Optum offers analytics service to help physicians treat at-risk patients

The initiative seeks to identify those with serious conditions, and improve care and outcomes under value-based contracts.

Optum, the healthcare business services arm of UnitedHealth Group, is making data available to healthcare providers working under at-risk contracts with health insurers to help doctors identify at-risk patients and engage them to improve health outcomes.

The initiative also is intended to give providers help to improve their quality of care and outcomes.

The data given to primary care and high-volume specialty physicians will be made available on a platform from HealthBI that supports workflows, coordination and collaboration to execute patient care across specialties and settings, says Benton Davis, senior vice president and general manager of networks and population health at Optum.

Some of the doctors have at-risk contracts that vary in the amount of risk, while others may be working under the fee-for-service model. “We have massive data stores and can provide actionable analytics to providers on a timely basis in near real-time,” Davis adds.

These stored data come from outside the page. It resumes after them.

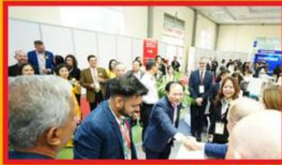
Hosted Buyer & VIP Buyer
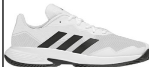
ADIDAS # GW2984 WHITE/BLACK

COURT JAM CONTROL: Flexible Bounce midsole. Breathable mesh upper. Non-marking hard court outsole and stabilizing Torsion System. Shipping Wt. 32oz, Privil: A/B-1/SHU-1 Sizes: Men's: 8-12,13 $84.99
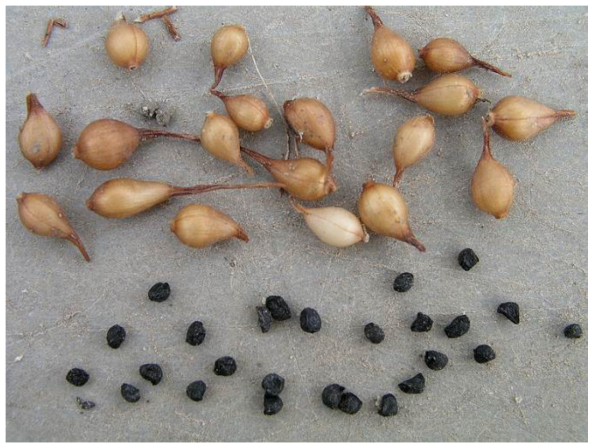
First year narcissus sown deep

If you compare the way Fritillaria seed and Narcissus seed behave at germination you will find that in Fritillaria the growth tip pushes down into the compost and the bulb forms at the end of this tip where as in Narcissus the bulb forms beside the seed and the roots penetrate the compost. The Narcissus bulb then in subsequent years forms contractile roots that gradually pull the bulb down to its preferred depth.
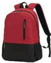
DAYPACK S02-1626STD-09 S02-1626STD-21
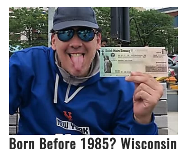
Will Pay Up To $355/Month Off Your Mortgage Sponsored | Smart Saver Online
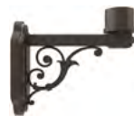
WM5311 / 10 7/8" x 10"
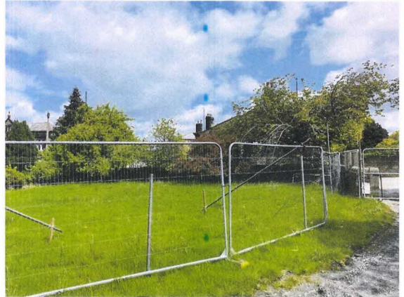
Photo 14: T5 to T8 and installed tree protection fencing, from south west (July 2023)
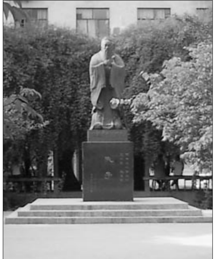
Statue of Confucius, found often on campuses in China. This one is at Northeast Normal University in Xian.

Though she keeps the house, slaves for the whole family, and loves them, her own living conditions do not fit her position as grandmother, nor honor her contribution to the family. Her room is not a room at all, but a passage-way from kitchen to dining room, cluttered with the sewing-machine, the children's rocking-horse, and the clothing they throw off as they rush by. Her bed is hard, without springs and with only a thin cotton mattress. Her nightgowns are patched and sewn. In addition, her things are almost required to be invisible in the house. Her calico dresses and the tobacco box holding her soap are kept behind a cloth curtain in one corner, and her comb is kept in her pocket. She obediently follows "an understood rule that she was not to receive visitors alone" (268), because she never wants to arouse Victoria, her daughter's,
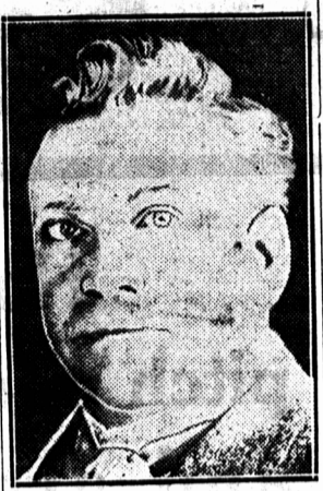
ADDRESSES ADVERTISERS Lord Leverhulme, the 73-year-old soap king, who addressed three thousand delegates at the International Advertising Convention being held in Wembley by the Associated Advertising Clubs of the World, Lord Leverhulme has business enterprises all across Canada.
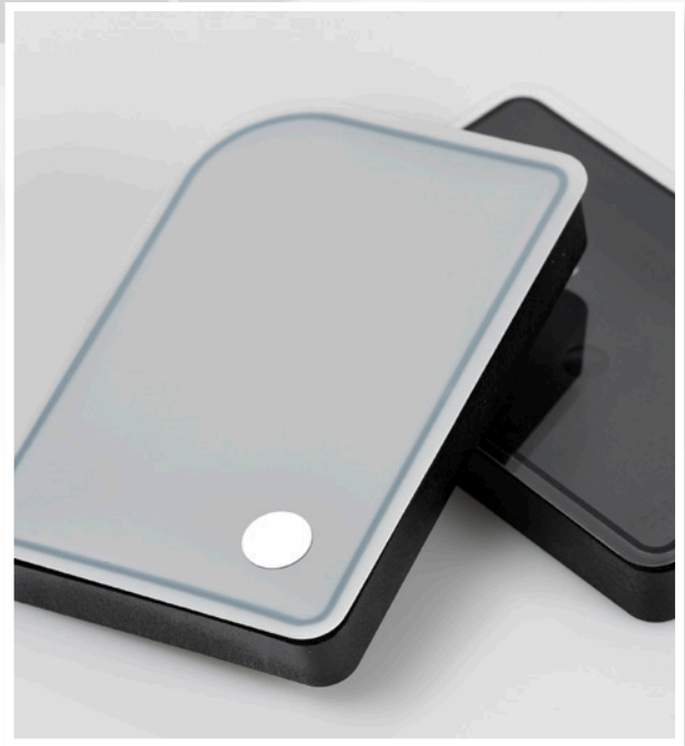
Schreiner Group GmbH & Co. KG, Germany

This group is designed to recognise new industry applications/ products (in the opinion of the judges) not covered by other groups, including innovative use or applications of the label press. This group also includes labels which incorporate integrated electronic devices which are not included in Group A6 – Security.
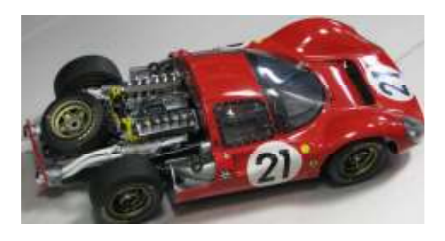
Hasegawa Ferrari 1958-59 in 1/24!
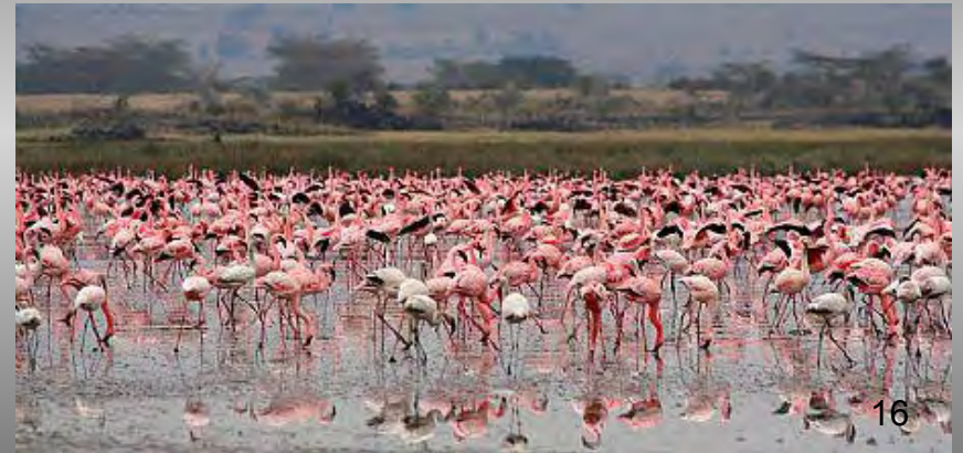
Elementaita lake is full of flamingos

The data can show physicians where they need to close clinical care gaps and inform doctors of patients with potential morbidities so they can more deeply engage with those patients.

Use of claims and clinical data along with risk adjustment services rendered by Optum and HealthBI can identify patients with suspected medical conditions.

Davis gives an example of a patient who has not been formally diagnosed by a doctor, although laboratory data shows the patient likely has a medical condition that needs to be assessed.

“We’ll inform the physician and help get the patient scheduled for an assessment,” he adds. “We have a facilitated process of what we see in the data.”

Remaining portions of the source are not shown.